▸ **Extracted material**
################

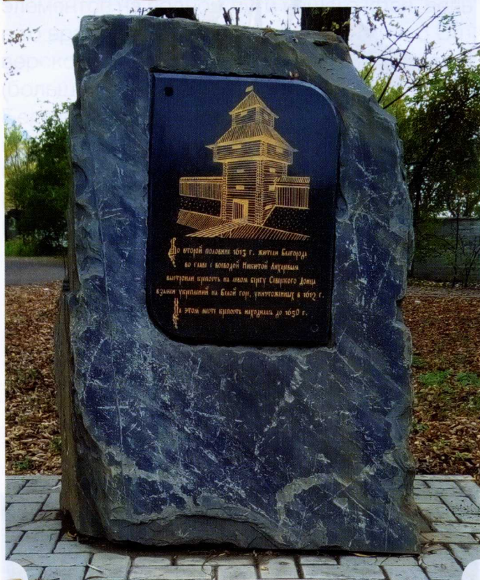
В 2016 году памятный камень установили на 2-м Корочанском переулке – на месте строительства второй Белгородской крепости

################

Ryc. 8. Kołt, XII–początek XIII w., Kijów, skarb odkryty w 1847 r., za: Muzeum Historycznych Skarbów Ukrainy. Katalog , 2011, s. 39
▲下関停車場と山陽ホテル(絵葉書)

################

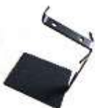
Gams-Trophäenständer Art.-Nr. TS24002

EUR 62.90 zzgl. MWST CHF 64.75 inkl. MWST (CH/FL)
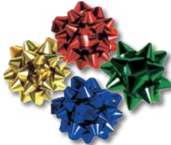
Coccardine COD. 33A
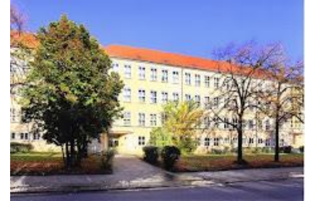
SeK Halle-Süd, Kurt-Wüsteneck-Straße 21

################

▸ **Task item**
The answer is the lines above from the one with "EUR 62.90 zzgl." to the one with "SeK Halle-Süd, Kurt-Wüsteneck-Straße 21", set down exactly, with no pictures.

▸ **Solution to this problem**
EUR 62.90 zzgl. MWST CHF 64.75 inkl. MWST (CH/FL)
Coccardine COD. 33A
SeK Halle-Süd, Kurt-Wüsteneck-Straße 21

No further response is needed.